- Born: 26 September 1949 Burnley, England
- Died: 7 August 2015 (aged 65) Sydney, Australia
- Occupations: Football agent, director
- Spouse: Jill Harper
- Children: Gary; Tracey; Phil;

= Neville Neville =

English football director (1949–2015)

Neville Neville (26 September 1949 – 7 August 2015) was a football agent and director. His sons are the former professional association football players Gary Neville and Phil Neville and his daughter is the professional netball player and coach Tracey Neville.

==Cricket career==
Neville played cricket for Greenmount Cricket Club in the Bolton Cricket League during the 1980s. His daughter Tracey cites this as her earliest sporting memory.

==Family==
Neville and his wife, Jill, the one-time general manager and Club Secretary of English Football League club Bury, had three children: Gary and twins Tracey and Phil.

Neville was the agent for his two sons. The elder Neville represented the two younger Nevilles during contract talks with their respective clubs.

When his eldest son Gary decided to postpone any testimonial match until his playing career was over, Neville stated that "In this day and age when players earn such fantastic amounts of money we think it would be better to create some kind of facility for the supporters."

==Football and charity work==
Neville was a director of club Bury of the English Football League. He was the spearhead and vice-chairman of the "Save our Shakers" appeal which was a bid to give financial assistance to the struggling football club after it had gone into administration.

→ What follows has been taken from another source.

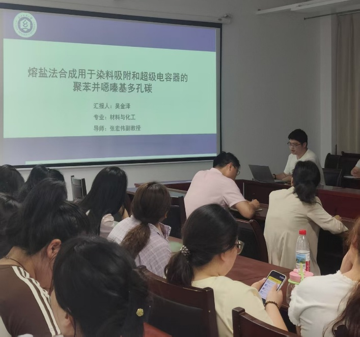 成功举办了2025年第12期研究生学术论坛。本次论坛由徐杰和刘学两位老师担任主持,来自23级研究生吴金泽、高晶晶、葛慧三位同学分别展示了在聚苯并噁嗪基多孔碳材料开发、MXene杂化材料开发及高效磷杂菲阻燃剂PDA领域的前沿研究成果。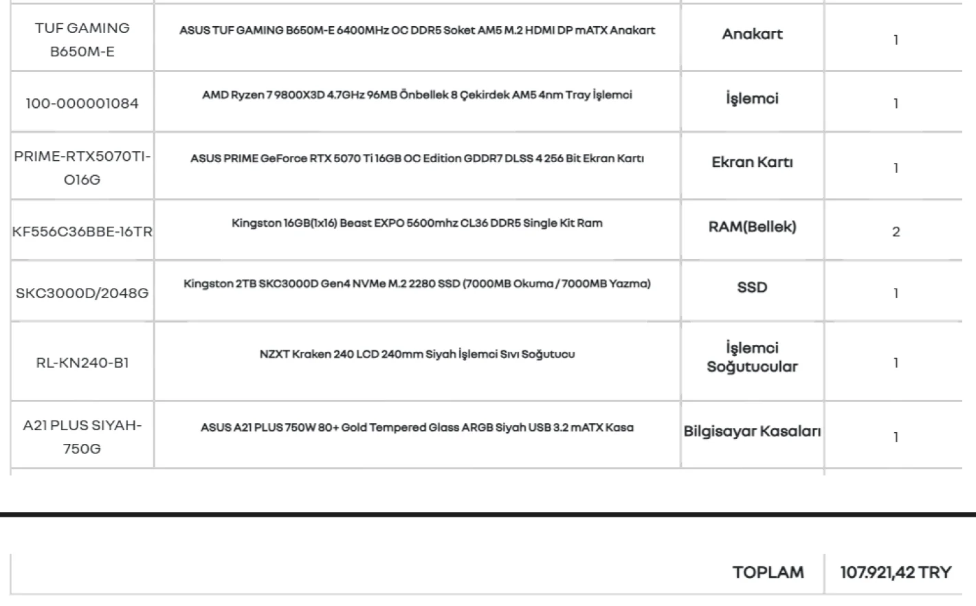 Ekran kartı olarak 5070ti, işlemci olarak ise ryzen7 9800x3d düşünüyorum. Bu iki parçanın üstüne inşa edeceğim diğer parçalar hakkında ise sizlerin görüşünü merak ediyorum. Bütçem ise 90-110k arasında.

The campaign was "brilliantly orchestrated" by Neville and he was praised for tirelessly organising supporters groups, giving media interviews and working closely with the administrators to arrange a deal to secure the club's safety. In November 2015, the main stand at Gigg Lane was posthumously named after him as a tribute to his contributions as club director.

==Name==
Neville achieved something of a cult status among football fans because of his unusual name. His name is part of what has been called "one of the best chants in football":

Neville Neville, they're in defence
Neville Neville, their future's immense
Neville Neville, they ain't half bad
Neville Neville, the name of their dad

Neville Neville your future's immense
Neville Neville you play in defence
Neville Neville you ain't half bad
Neville Neville is the name of your dad

(Sung to the tune of David Bowie's "Rebel Rebel")

==Arrest==
On 26 March 2013, Neville was arrested by Greater Manchester Police on suspicion of indecent assault. He was released on bail until May of that year, pending further inquiries. He was found not guilty on 19 December 2013.

==Death==
Neville died on 7 August 2015 in Sydney at the age of 65, following a heart attack. He took ill while in Australia to support his daughter Tracey, England's netball coach, during the World Cup. Manchester United players wore black armbands during their game against Tottenham Hotspur on 8 August 2015 while the England netball team observed a minute's silence prior to their Third Place match, which they won. Neville's funeral took place on 27 August 2015 in Bury.